In addition, we will decide in the next few months whether or not to continue developing four products (AVE1625, xaliprodene, idrabiotaparinux and West Nile virus vaccine), primarily on the basis of results from clinical trials currently under way.

Following this review, our portfolio now comprises 51 projects in clinical development (New Molecular entities and vaccines), of which 21 are either in Phase III or have been submitted for regulatory approval. Vaccines represent 35% of the total, other biological products 14%, and external collaborations 27%.

* Rights returned to Immunogen, Inc.

Main developments in the R&D portfolio

The main developments in our R&D portfolio in the first quarter of 2009 are described below.

  • On March 18, 2009, the FDA Advisory Committee recommended approval of Multaq(R) to treat patients with atrial fibrillation. A new drug application is currently being reviewed in the European Union. The ATHENA study was published in the New England Journal of Medicine in February 2009.
  • Based on the findings of the ACTIVE-A study presented at the American College of Cardiology Scientific Sessions in March, we are planning to file an application to extend the indication of Plavix(R) to atrial fibrillation in the third quarter of 2009.
  • Three new candidates have entered clinical development:

            -- BSI-201, a PARP inhibitor, has entered our portfolio following
               the acquisition of BiPar Sciences.

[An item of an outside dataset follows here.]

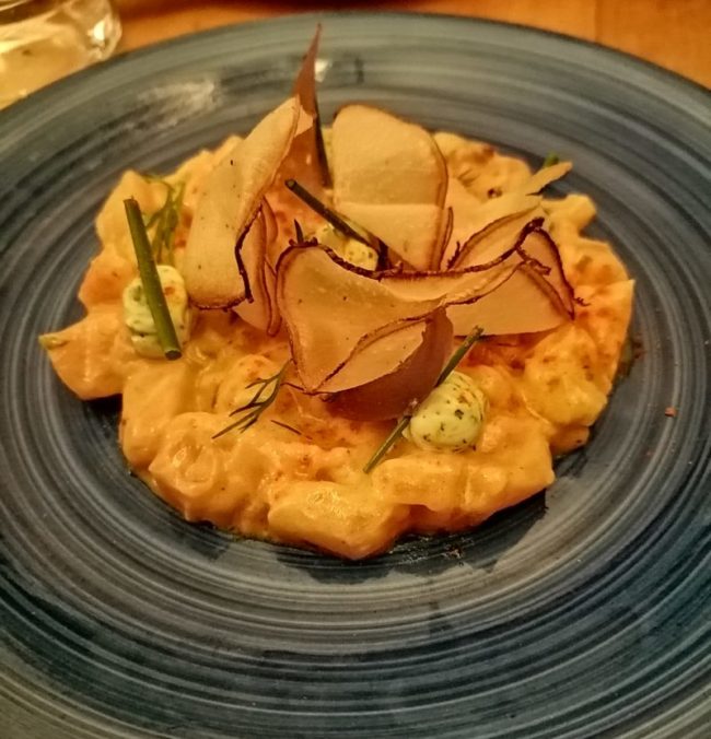 Yo escogí ese menú del que hablo (aunque puedes ir a hacer sólo unos cuantos platillos) y comí 10 platos redondos, sabrosos, que me dejaron contenta y nada pesada. Fueron los del menú degustación, que empezó por una anchoa angelet de curación casera, finísima, un filete de mar sobre la lengua. Llevaba unos puntos de salsa holandesa y reposaba sobre un pedazo de pan carasau, un producto del ingenio sardo llamado ‘carta da musica’ en el resto de Italia por su elevada dosis de crujencia. Crujosidad. Crujentismo. Que cruje, vaya. Que cruix. ¿Se entiende?

This product could be a
               potential first-in-class PARP inhibitor, and is currently in
               phase II clinical trials for the treatment of triple-negative
               metastatic breast cancer, ovarian cancer, and other types of
               cancer. The results of the triple-negative metastatic breast
               cancer Phase II trial will be presented at a plenary session of
               the Congress of the American Society of Clinical Oncology
            -- Two products have entered Phase I: SAR 110894, an H3 receptor
               antagonist developed for Alzheimer's disease, and an anti-NGF
               monoclonal antibody developed in collaboration with Regeneron
               for pain relief.

  • Two new applications for marketing approval have been filed with the regulatory authorities: the Plavix(R)/ Aspirin combination in the European Union, and the new influenza vaccine formulation (high dose Fluzone(R)) in the United States.
  • Five new drug applications have been approved:

            -- the Apidra(R) SoloSTAR(R) pen in the United States, and Apidra(R) and
               Apidra(R)SoloSTAR(R) in Japan;
            -- Lovenox(R) in Japan, for the prevention of venous thromboembolic
               events after abdominal surgery;
            -- the intradermal influenza vaccine Intanza(R) in Europe, and the
               pandemic influenza vaccine Emerflu(R) in Australia.

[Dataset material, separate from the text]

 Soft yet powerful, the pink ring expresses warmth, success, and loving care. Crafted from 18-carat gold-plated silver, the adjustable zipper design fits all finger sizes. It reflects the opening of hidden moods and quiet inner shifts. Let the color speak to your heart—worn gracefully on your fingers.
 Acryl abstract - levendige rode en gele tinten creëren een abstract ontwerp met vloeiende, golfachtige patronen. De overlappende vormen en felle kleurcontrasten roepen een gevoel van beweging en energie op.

During the first quarter of 2009, sanofi-aventis completed the offer on Zentiva, which will provide a platform for growth in branded generics in Central and Eastern Europe, Turkey, and Russia. Zentiva is fully consolidated by sanofi-aventis from March 31, 2009.

In addition to Zentiva, the generics business has been further strengthened in April 2009 by the completion of the acquisitions of Kendrick (one of Mexico's leading generics manufacturers) and Medley (Brazil's third-largest pharmaceutical company and no.1 generics manufacturer).

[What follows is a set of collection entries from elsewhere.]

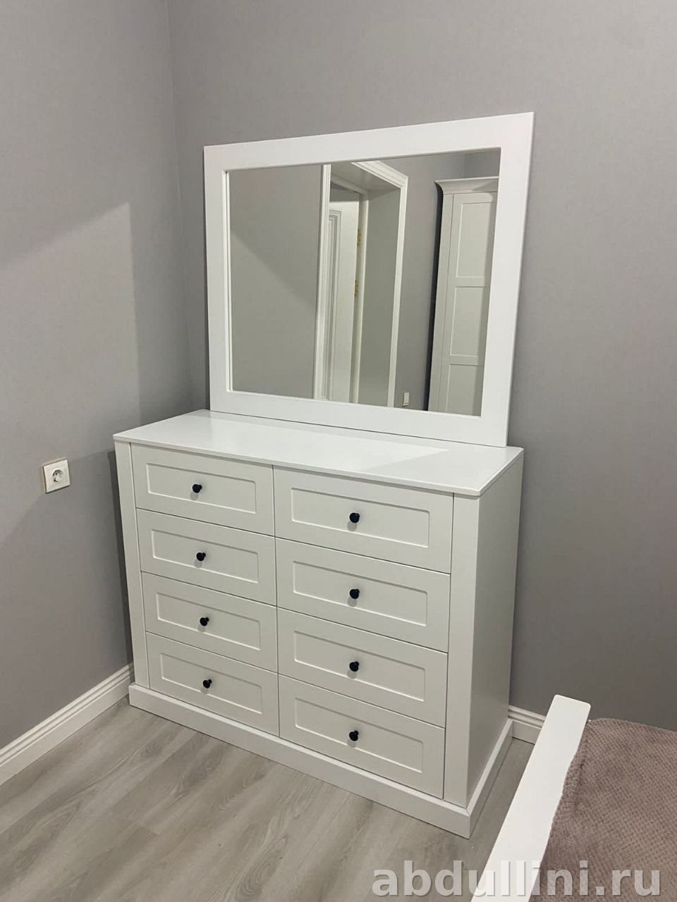 - Комод: четыре ящика, черные круглые ручки, зеркало в прямоугольной раме.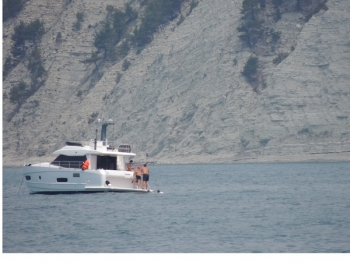 «На днях мне прислали любопытный фоторепортаж о том, как человек, похожий на патриарха Кирилла, лихо рулит яхтой Azimut (так называется итальянская верфь, занимающая одно из ведущих мест в мире в области постройки эксклюзивных моторных яхт) в море между селами Джанхот и Дивноморское, в местечке, называемом Голубой Бездной. Фото сделал примерно месяц назад один из отдыхающих. По счастливой случайности пограничники в тот день почему-то не оберегали патриарший покой и не разгоняли экскурсионные катера», — пишет эколог. Он приводит цены на лодки Azimut — 680 тысяч евро.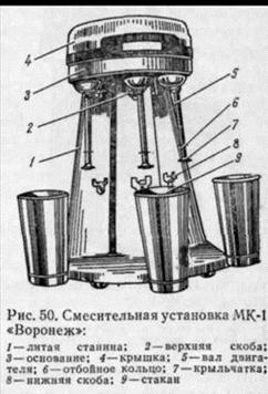 | Машина состоит из корпуса- литой станины, в верхней части которой смонтированы три трёхскоростных электродвигателя. Валы электродвигателей выведены наружу, на конце каждого вала имеются крыльчатка и отбойное кольцо. На корпусе машины смонтированы три верхние скобы под которыми смонтированы микровыключатели для включения двигателя в работу и три нижние скобы для установки стаканов. В комплект к машине входит три стакана ёмкостью по 1 литру. На крышке машины смонтированы переключатели для изменения скорости вращения электродвигателей. Принцип действия: при включении электродвигателя крыльчатка подбрасывает продукт вверх, а отбойное кольцо отбивает вниз, происходит интенсивное перемешивание жидкостей, насыщение воздухом, увеличение объёма напитка. Правила эксплуатации: перед работой проверяют санитарное и техническое состояние машины, включают в электросеть через штепсельный разъём с заземлением, |

On a 2008 proforma basis, these three acquisitions take net sales from generics to approximately euro 1.2 billion, compared with euro 349 million in 2008. These deals are in line with the strategy of reinforcing our presence in branded generics and expanding our product portfolio in emerging markets, which are characterized by strong growth, low or average disposable incomes, and competitively-priced pharmaceutical products.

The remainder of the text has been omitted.